The year 2017 was the centenary of the controversial Balfour Declaration, and 2018 marked the seventieth year since the partitioning of Palestine and the historic Nakba prefiguring the creation of the State of Israel. These anniversaries occasioned several literary events in Lebanon—memoir launches, online biography releases, and the publication of interdisciplinary archival personal narratives. In addition, the literary timeline that extended toward the end of 2018 featured storytelling events rewriting, narrating, and (re)presenting transgender lives in Beirut, as well as an outpouring of feminist biographies, oral histories, and personal narratives, both by new and established woman writers.

Reja-e Busailah's autobiography, In the Land of My Birth: A Palestinian Boyhood,1 was launched by the Institute for Palestine Studies2 in Beirut in 2018 in the presence of its author.
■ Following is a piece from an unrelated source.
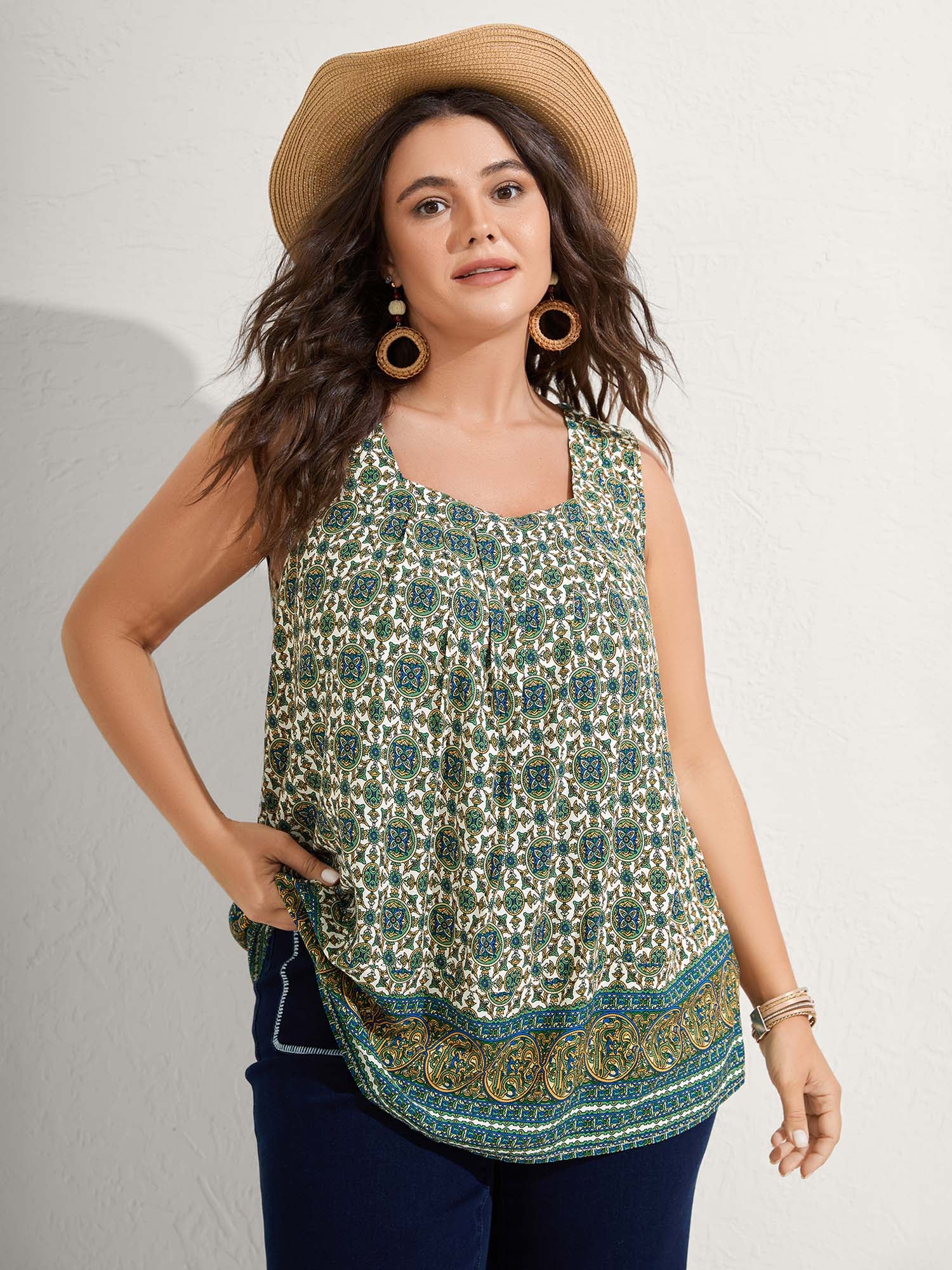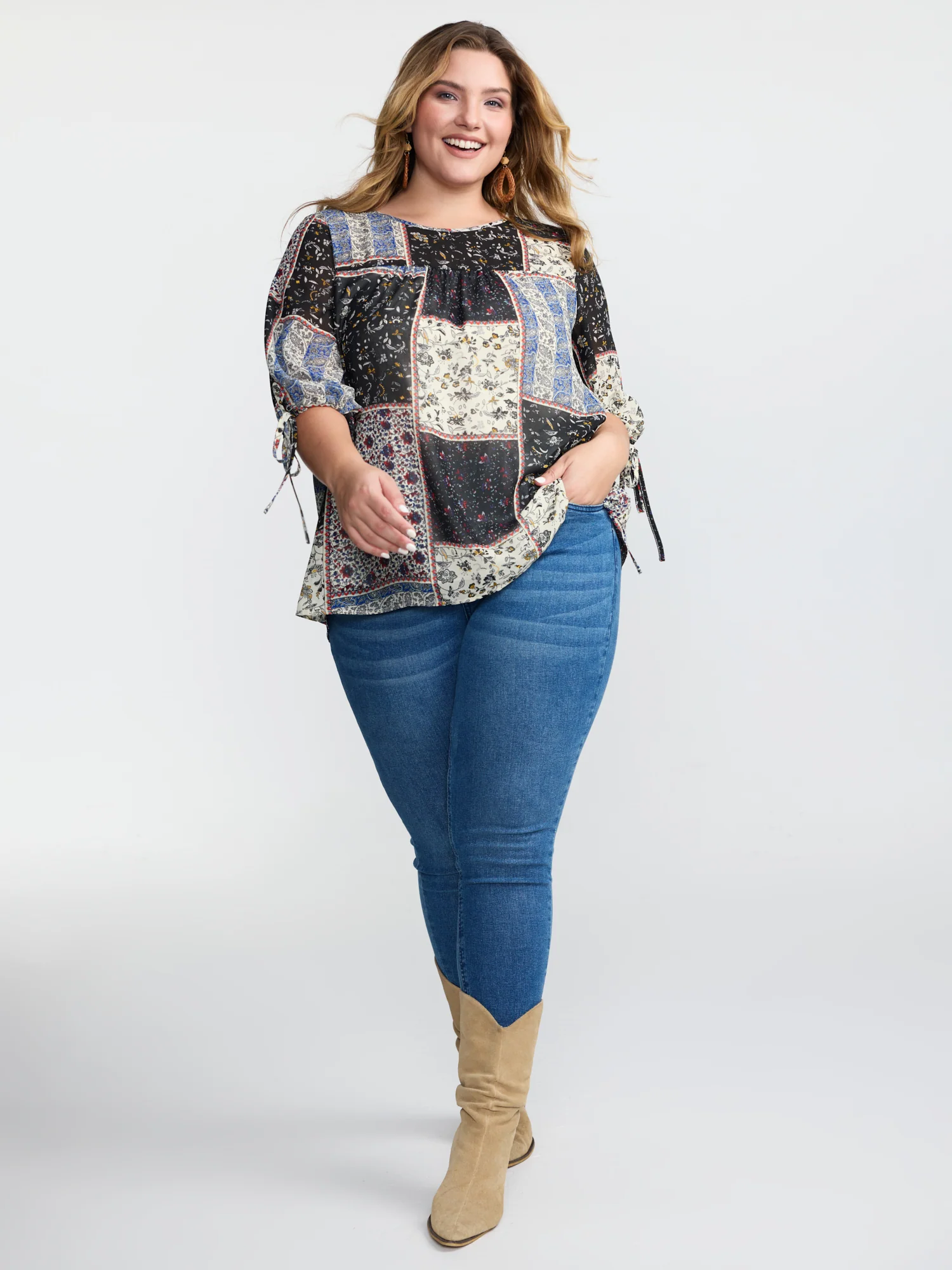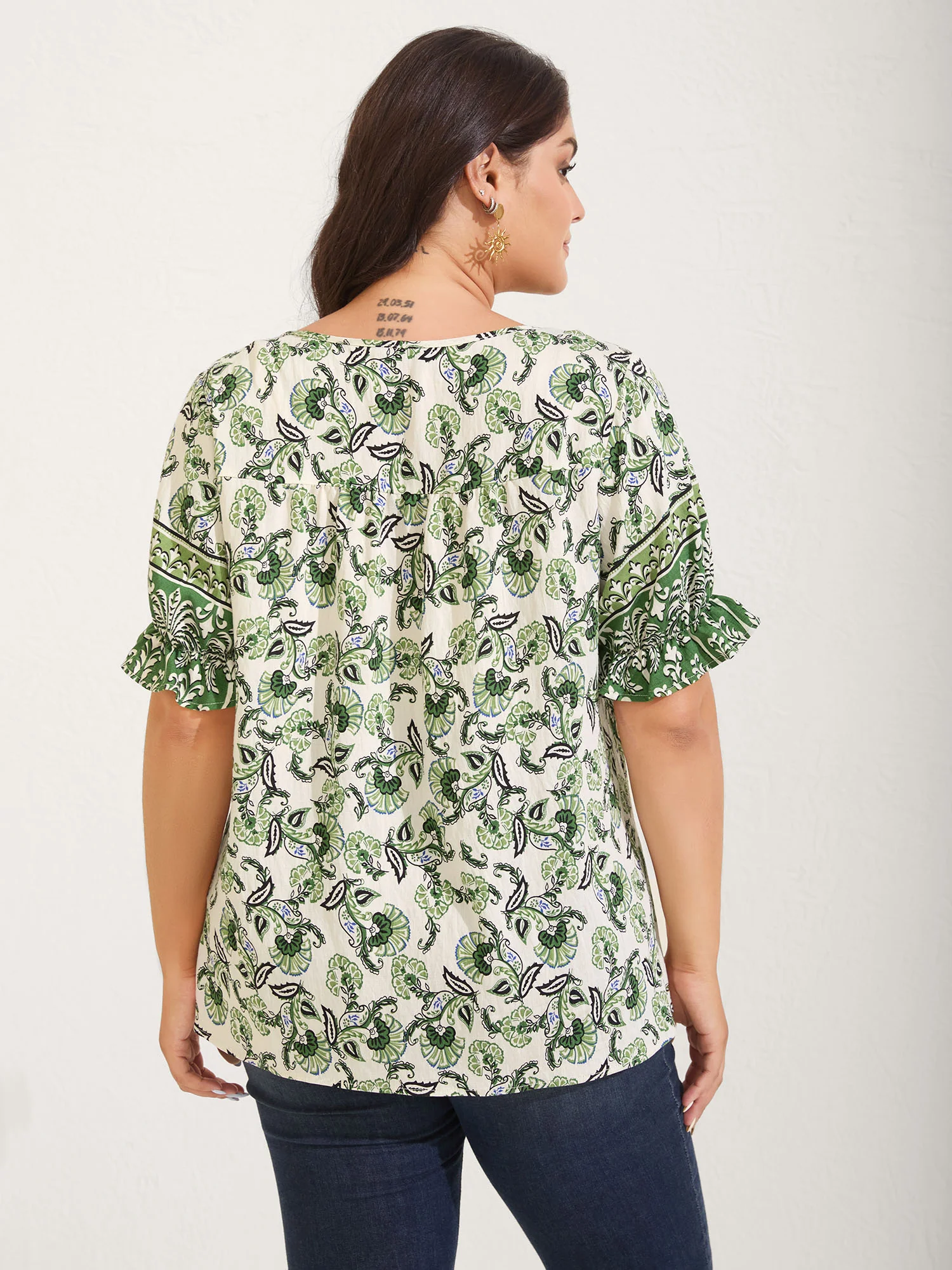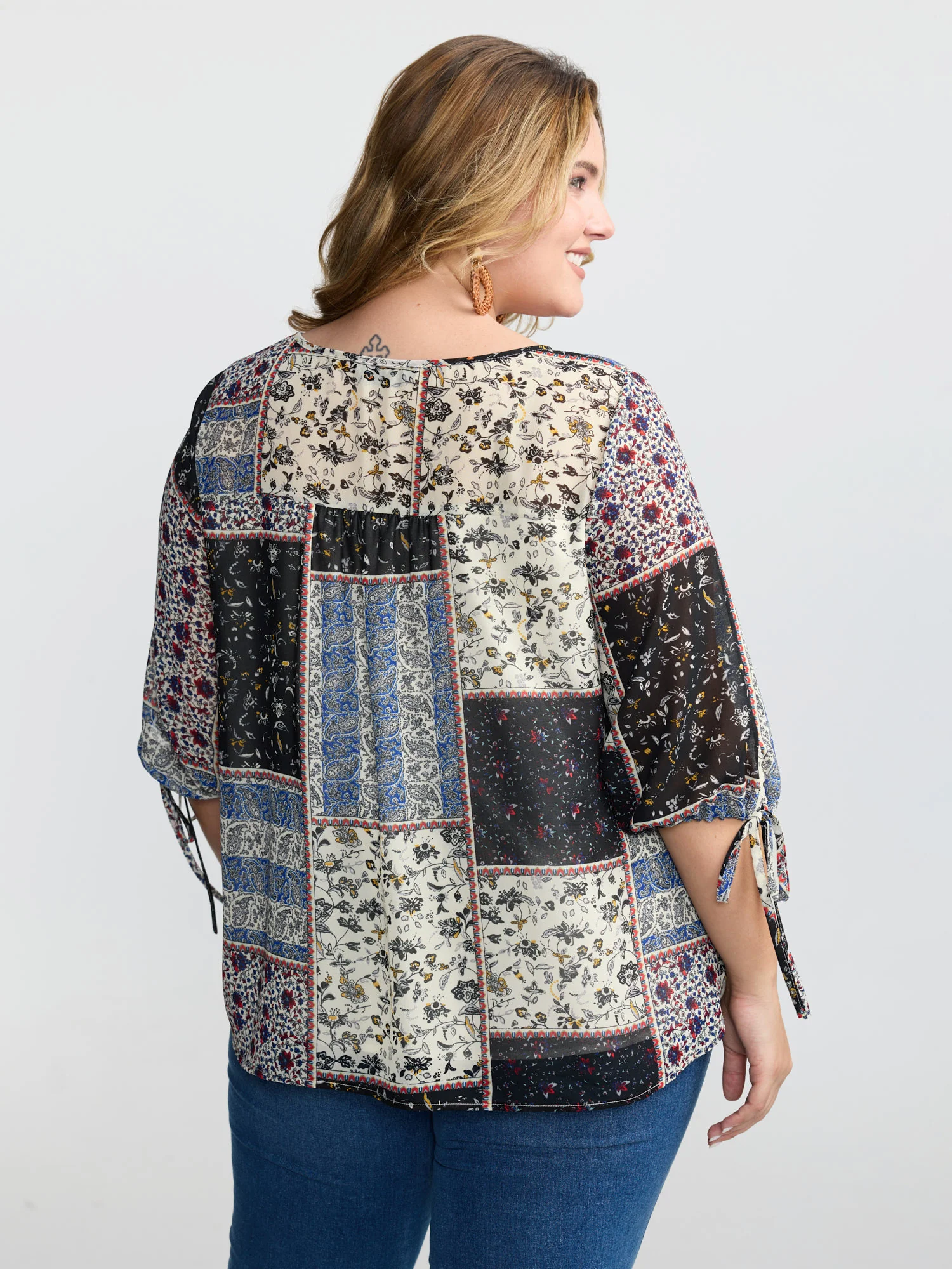 Boho Print Mesh Ruched Crisscross One-Piece Swimsuit
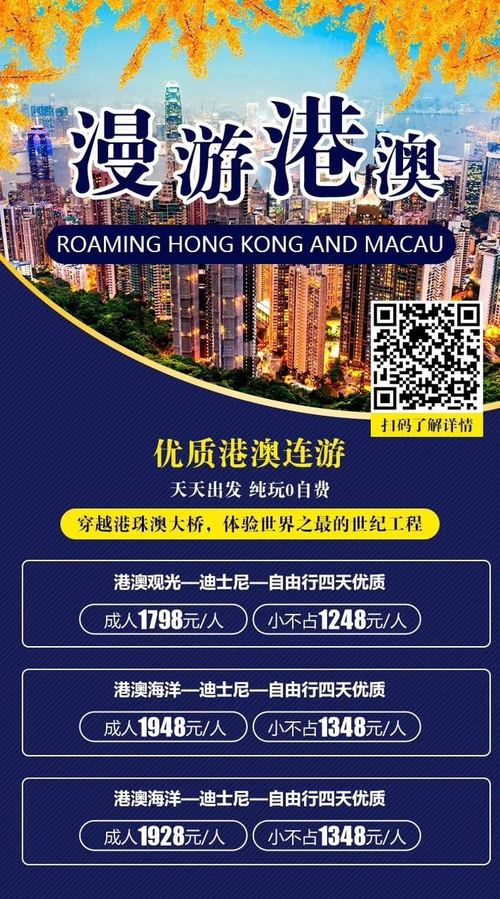 暑假香港澳门纯玩无购物团,天天发团

The book recounts the coming-of-age experiences of the blind eighty-nine-year-old Busailah, who holds a PhD in English from New York University, as a boy struggling with the loss of both his eyesight and his homeland in the 1940s. Written against a backdrop of foreign occupation, the memoir reimagines sensory details, such as the echo of sound in a room and the smell of burning newspaper or olive leaves, as tools, whether endearing or frightening, which help the young Busailah come to terms with home as it breaks.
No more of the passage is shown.